= Beginning of Section =

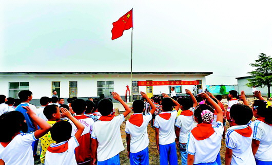 今天,界坊小學(xué)第一次升起了國旗(左圖)。這個(gè)村3年級(jí)以下的孩子在家門口就可以坐在寬敞明亮的教室里學(xué)習(xí)知識(shí),再也不用跑到三四公里之外的小學(xué)就讀。不僅如此,孩子們還得到了圖書、書包、教具、玩具等大宗“禮物”。
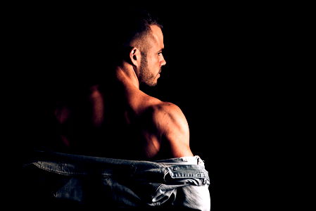 A muscular OnlyFans model from Spain, Nacho Trechera. Shot in black and white, he is seen flexing his physique, emphasizing his strength and dedication to fitness.
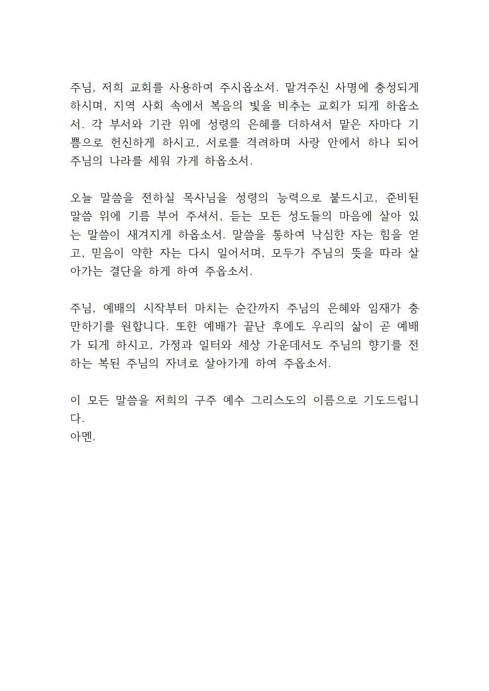 주님, 오늘 드려지는 이 예배를 기쁘게 받아 주옵소서. 우리의 찬양과 기도가 형식으로 흐르지 않게 하시고, 말씀을 통해 우리의 심령이 변화되며, 결단과 순종으로 응답하게 하옵소서. 세상의 소망이 아닌 주님만을 의지하며, 한 주간을 믿음으로 살아가는 성도 되게 하옵소서.

= End of Section =

■ What the task asks ■
For every line above, produce an exact transcription that omits the images.

■ Reply ■
 今天,界坊小學(xué)第一次升起了國旗(左圖)。這個(gè)村3年級(jí)以下的孩子在家門口就可以坐在寬敞明亮的教室里學(xué)習(xí)知識(shí),再也不用跑到三四公里之外的小學(xué)就讀。不僅如此,孩子們還得到了圖書、書包、教具、玩具等大宗“禮物”。
 A muscular OnlyFans model from Spain, Nacho Trechera. Shot in black and white, he is seen flexing his physique, emphasizing his strength and dedication to fitness.
 주님, 오늘 드려지는 이 예배를 기쁘게 받아 주옵소서. 우리의 찬양과 기도가 형식으로 흐르지 않게 하시고, 말씀을 통해 우리의 심령이 변화되며, 결단과 순종으로 응답하게 하옵소서. 세상의 소망이 아닌 주님만을 의지하며, 한 주간을 믿음으로 살아가는 성도 되게 하옵소서.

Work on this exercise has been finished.